Lines from the beginning of the material below through the line that has "People doing exercise" are to be reproduced exactly, but pictures are not.

-- Data for review follows --

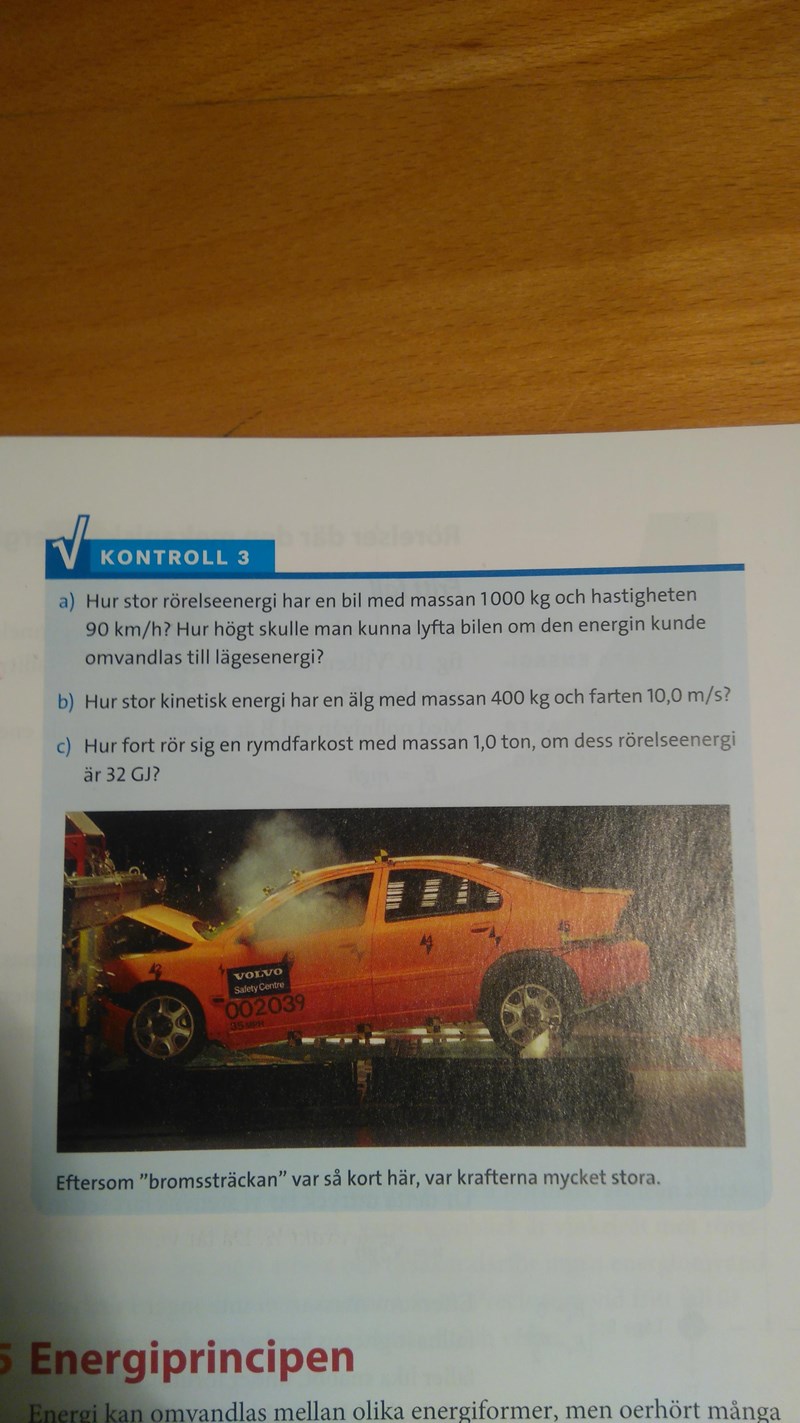 så hjälper det inte så mycket för, höjden är ju okänd, vet inte riktigt vad er det man kan göra då man ¨bara¨ har 1,0 ton och 32 GJ att gå på, och vill man lösa ut höjden som jag gjorde i uppgift a), så måste man veta hastigheten, och man få inte ut hastigheten utan att känna till höjden så nåt mer måste man göra. =)
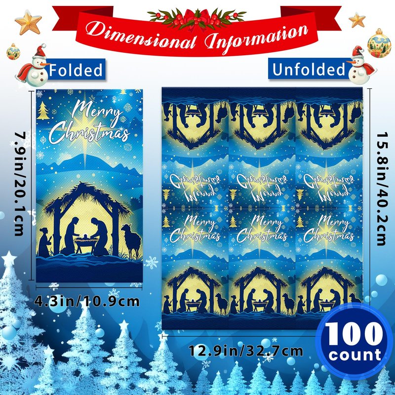 100 Pcs Christmas Nativity Paper Napkins,Disposable Jesus Holy Night Christmas Paper,Xmas Nativity Decorative Religious Hand Towels for Winter Holiday Christmas Dinner Party Supplies
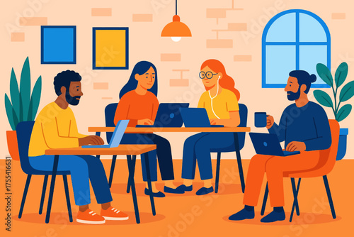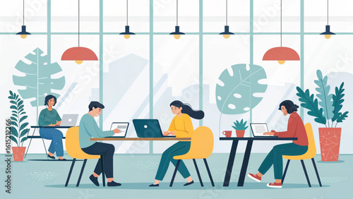People doing exercise in gym concept vector illustration. Fitness workout. Man and woman running on treadmill. Sport gym equipment.
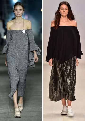 חולצות ושמלות חושפות כתפיים שבות וצצות במרחב האופנתי ומרפררות בו זמנית למראה הכפרי של היידי בת ההרים, לסדרות נעורים של הניינטיז ולבוהו־שיק "קואצ'לי".
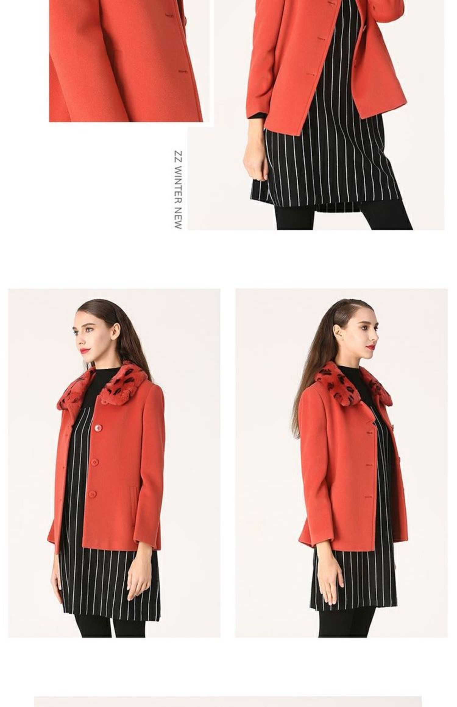 佐尔美冬季女装纯色百搭毛领羊毛呢子大衣外套中褛E44ZT34

-- Data for review concluded --

* _Expected output_:
 så hjälper det inte så mycket för, höjden är ju okänd, vet inte riktigt vad er det man kan göra då man ¨bara¨ har 1,0 ton och 32 GJ att gå på, och vill man lösa ut höjden som jag gjorde i uppgift a), så måste man veta hastigheten, och man få inte ut hastigheten utan att känna till höjden så nåt mer måste man göra. =)
 100 Pcs Christmas Nativity Paper Napkins,Disposable Jesus Holy Night Christmas Paper,Xmas Nativity Decorative Religious Hand Towels for Winter Holiday Christmas Dinner Party Supplies
People doing exercise in gym concept vector illustration. Fitness workout. Man and woman running on treadmill. Sport gym equipment.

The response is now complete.